# DATA FOR THIS EXERCISE:
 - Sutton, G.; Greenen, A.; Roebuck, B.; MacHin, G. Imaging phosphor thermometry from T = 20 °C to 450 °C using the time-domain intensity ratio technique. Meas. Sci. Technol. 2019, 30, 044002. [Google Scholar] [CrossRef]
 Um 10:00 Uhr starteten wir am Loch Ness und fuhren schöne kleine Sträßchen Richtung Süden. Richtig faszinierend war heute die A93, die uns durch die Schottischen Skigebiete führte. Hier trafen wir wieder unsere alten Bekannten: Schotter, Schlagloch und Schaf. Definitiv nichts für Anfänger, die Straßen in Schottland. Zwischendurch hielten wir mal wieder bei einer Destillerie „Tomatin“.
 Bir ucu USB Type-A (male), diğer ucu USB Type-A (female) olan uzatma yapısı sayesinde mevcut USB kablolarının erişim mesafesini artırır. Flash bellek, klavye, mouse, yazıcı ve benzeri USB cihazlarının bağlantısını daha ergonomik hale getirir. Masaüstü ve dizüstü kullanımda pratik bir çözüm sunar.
--
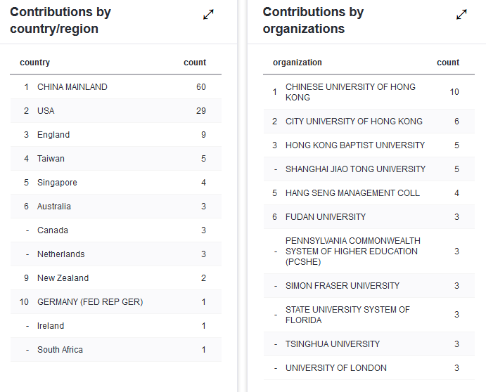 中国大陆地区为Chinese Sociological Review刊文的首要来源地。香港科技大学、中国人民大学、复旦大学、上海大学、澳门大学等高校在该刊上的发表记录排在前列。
==
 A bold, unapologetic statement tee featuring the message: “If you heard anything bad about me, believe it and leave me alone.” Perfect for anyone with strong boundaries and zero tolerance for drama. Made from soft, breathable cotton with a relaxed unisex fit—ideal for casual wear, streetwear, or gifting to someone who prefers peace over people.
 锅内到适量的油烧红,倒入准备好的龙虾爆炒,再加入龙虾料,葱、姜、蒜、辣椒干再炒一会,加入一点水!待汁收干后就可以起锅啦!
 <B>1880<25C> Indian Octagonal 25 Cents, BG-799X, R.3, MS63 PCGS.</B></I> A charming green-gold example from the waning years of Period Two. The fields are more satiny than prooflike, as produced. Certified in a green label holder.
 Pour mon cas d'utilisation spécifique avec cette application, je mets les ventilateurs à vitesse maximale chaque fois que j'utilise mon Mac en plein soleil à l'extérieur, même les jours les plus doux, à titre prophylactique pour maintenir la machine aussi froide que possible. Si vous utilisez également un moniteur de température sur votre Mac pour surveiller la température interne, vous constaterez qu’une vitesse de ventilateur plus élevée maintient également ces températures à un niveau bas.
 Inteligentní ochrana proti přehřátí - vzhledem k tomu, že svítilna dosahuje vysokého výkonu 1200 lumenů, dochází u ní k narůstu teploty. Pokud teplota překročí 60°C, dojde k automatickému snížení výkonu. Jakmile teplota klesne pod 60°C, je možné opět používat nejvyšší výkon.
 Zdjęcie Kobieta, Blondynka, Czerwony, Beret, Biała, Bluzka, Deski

# TASK TO COMPLETE:
Where the data above reaches the line holding "Inteligentní ochrana proti", begin printing, and stop after the line holding "Biała, Bluzka, Deski". Each line must be reproduced exactly, with nothing else added.

# OUTPUT OF THE TASK:
 Inteligentní ochrana proti přehřátí - vzhledem k tomu, že svítilna dosahuje vysokého výkonu 1200 lumenů, dochází u ní k narůstu teploty. Pokud teplota překročí 60°C, dojde k automatickému snížení výkonu. Jakmile teplota klesne pod 60°C, je možné opět používat nejvyšší výkon.
 Zdjęcie Kobieta, Blondynka, Czerwony, Beret, Biała, Bluzka, Deski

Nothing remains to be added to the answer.